Allemagne - Disparition

Rebecca Horn, l’artiste de l’inlassable métamorphose

Par Sara Genin · lejournaldesarts.fr

Le 11 septembre 2024 - 591 mots

Elle est décédée vendredi dernier laissant derrière elle une œuvre protéiforme qui a marqué l’art du milieu du XXe siècle.

L’artiste berlinoise Rebecca Horn est décédée le 6 septembre à 80 ans dans son Allemagne natale. Son œuvre reste inclassable bien que les critiques aient essayé de la ranger dans différentes catégories : surréalisme, body art, art cinétique. Les performances et les sculptures de l’artiste sont autant d’objets poétiques non identifiés qui éprouvent les métamorphoses érotiques et traumatiques du corps.

« Théâtre des métamorphoses », la dernière exposition personnelle de Rebecca s’est tenue au Centre Pompidou en 2019. L’exposition explorait les liens de l’artiste avec le 7e art qu’elle affectionnait particulièrement et avec les artistes surréalistes auxquelles elle a souvent été associée. Rebecca Horn n’avait pas eu d’exposition personnelle en France depuis 25 ans.

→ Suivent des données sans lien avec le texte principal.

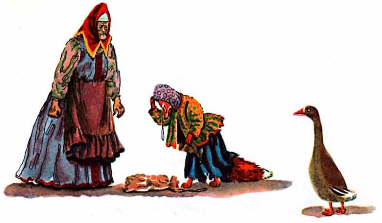 — Возьми же, матушка Лиса Патрикеевна, возьми любого гуська! А уж я тебя напою, накормлю, ни маслица, ни яичек не пожалею.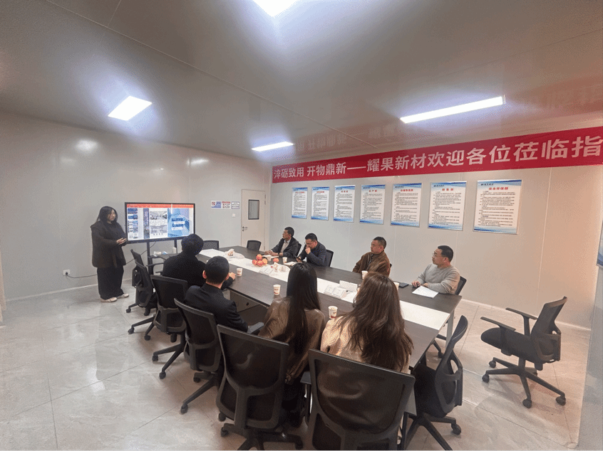 耀果新材料有限责任公司总经理高昌轩、常务副总经理高文学及相关工作人员与老虎机 师生进行座谈交流。座谈会上,老虎机 介绍了学科特色与人才培养优势,企业表达了吸纳人才的诚意,双方围绕联合培养、人才招聘、校企科研共创及材料融合模式等内容展开交流。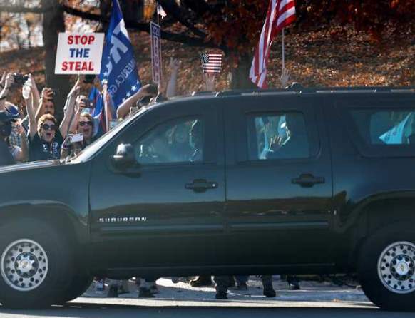 وأظهرت مجموعة من الصور، ترامب وهو عابراً في موكبه أمام حشود تحتفل في الشارع بهزيمته.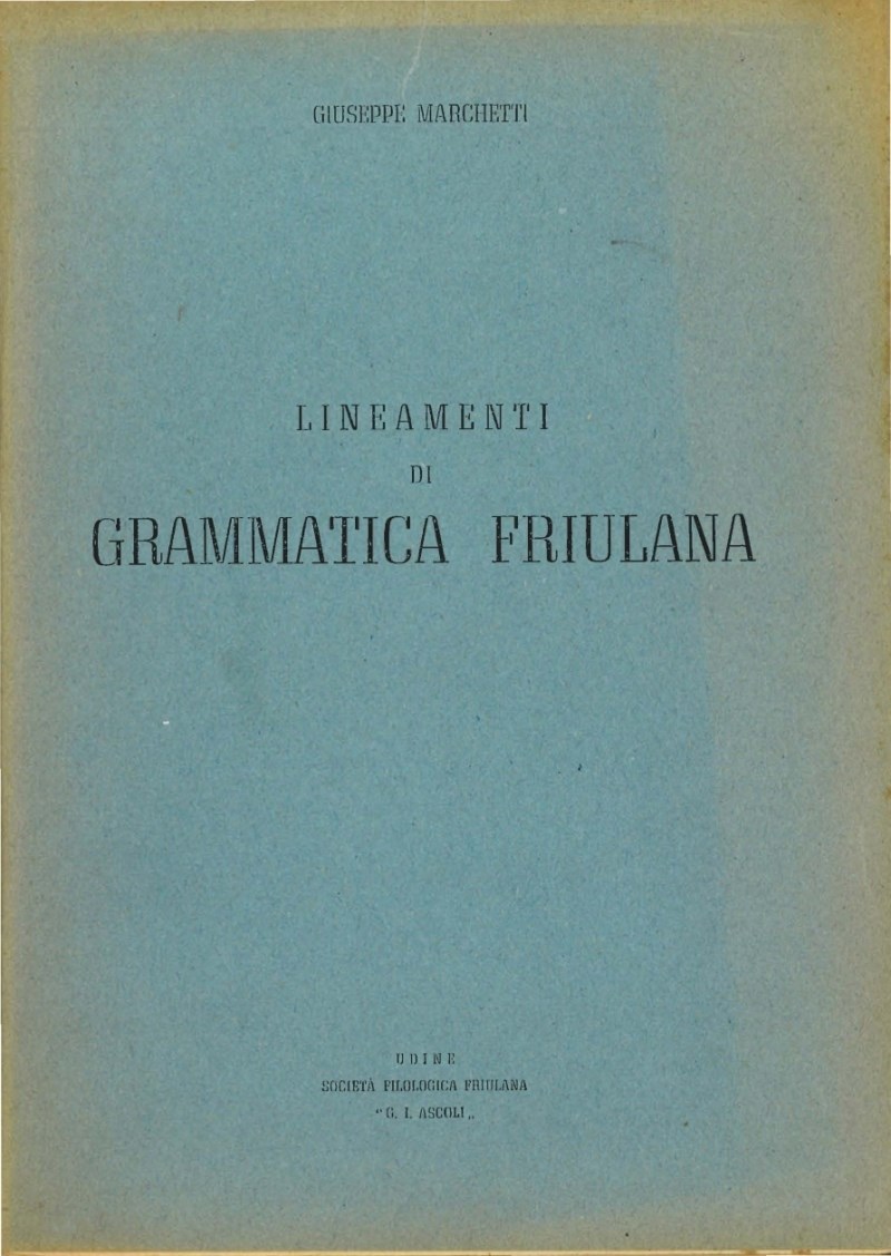 / Giuseppe Marchetti. - Udine : Società filologica friulana "G.I.Ascoli", 1952 (stampa 1953). - 215 p. ; 22 cm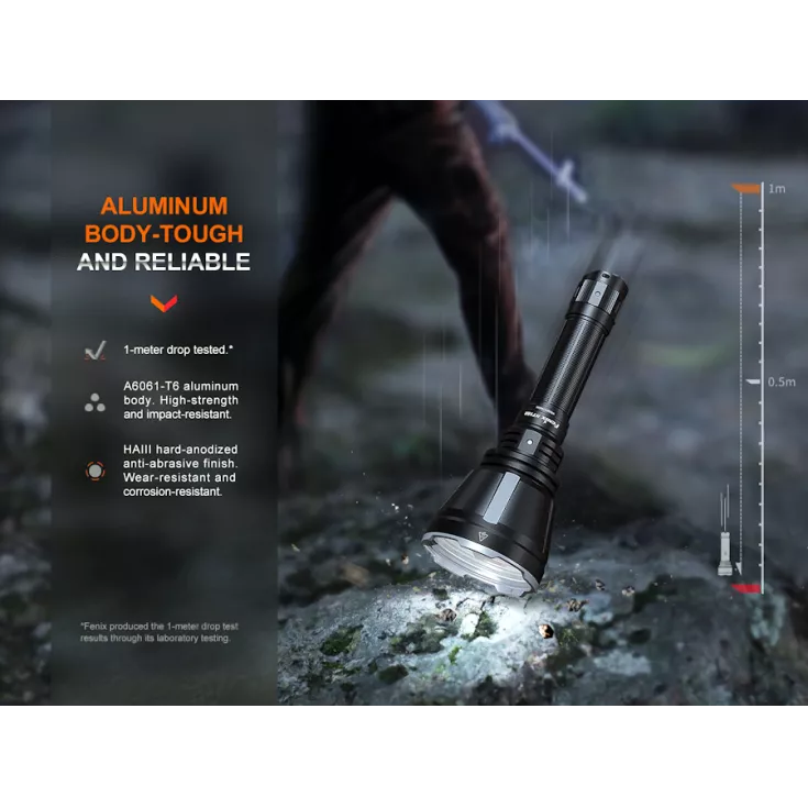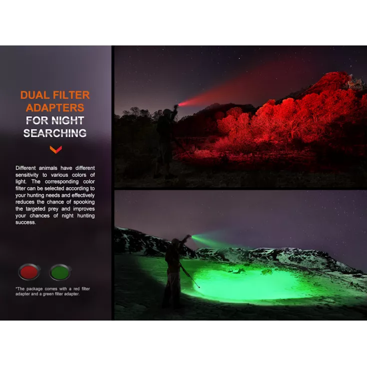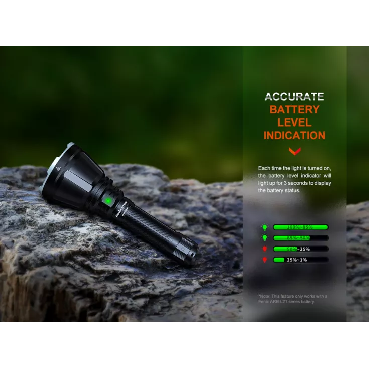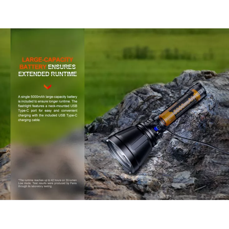 Included: Fenix ARB-L21 5000mAh battery, USB-C charging cable, holster, lanyard, spare o-ring, red filter adapter, green filter adapter.

Née en 1944, Rebecca Horn étudie à l’Ecole des beaux-arts de Hambourg avant d’installer son atelier à Berlin. Elle commence à réaliser des performances dans les années 1970, influencée par Dada et le surréalisme mais aussi par Pier Paolo Pasolini, Luis Buñuel, Buster Keaton et le cinéma underground d’Andy Warhol qu’elle découvre aux beaux-arts. L’artiste a été une des premières femmes à avoir une exposition personnelle au Musée Guggenheim en 1993.

Celle qui appellera une de ses œuvres « la douce prisonnière » fut contrainte de s’enfermer dans un sanatorium pendant un an après une intoxication pulmonaire dans son atelier. Cette expérience d’enfermement reviendra comme une douleur somatique qui structurera toute son œuvre sculptée et performative. Dans La Licorne (1970), une de ses premières œuvres, l’artiste imagine une camisole surmontée d’une corne blanche très similaire au corset de La colonne brisée (1944) de Frida Kahlo. Cette œuvre très ambiguë signe un premier autoportrait performatif à la sémantique complexe et savante qui détourne l’iconographie médiévale de la licorne, symbole de pureté et de chasteté. La même année l’artiste conçoit Pencil Mask, un masque camisole criblé de crayons dans lequel elle s’enferme, non sans humour, pour dessiner avec sa tête.

Très vite, Rebecca Horn commence à réaliser les étonnantes sculptures prothétiques qu’elle met en scène sur son propre corps et qui seront sa signature. À mi-chemin entre objets surréalistes et parures sophistiquées, les sculptures effacent les frontières entre le corps humain et les machines, entre l’homme et le règne animal. Rebecca Horn commence à fabriquer des parures hybrides comme Feather fingers (1972), une prothèse érotique zoomorphe réalisée avec des plumes et Finger gloves (1972), d’inquiétants gants proto cybernétiques de 90 cm de long.

Dans les années 1980-1990, Rebecca Horn commence à réaliser des sculptures cinétiques. Les objets cinétiques de Rebecca Horn s’affranchissent progressivement du corps de l’artiste pour devenir des sculptures autonomes. Kiss of the Rhinoceros (1989), exposée à la Biennale de Venise en 2022, est une sculpture cinétique qui évoque à la fois un objet rituel et un instrument chirurgical entre attraction et répulsion. Dans Rêve de champagne d’une biche ivre morte (1988), acquis par le Centre Pompidou en 2005, l’artiste rend un hommage à La mariée mise à nu par les célibataires de Marcel Duchamp à travers une œuvre ubuesque et humoristique.

Rebecca Horn a aussi réalisé des œuvres monumentales qui explorent les mêmes obsessions à grande échelle comme Concert of Anarchy (Piano) (1990), un piano suspendu au plafond qui vomit toute sa mécanique devant les spectateurs, actuellement conservé à la Tate Modern. L’artiste a également conçu des installations moins connues sur la Shoah dont le très émouvant Konzert für Buchenwald (1999), un concert silencieux de centaines de guitares alignées au sol en mémoire des victimes.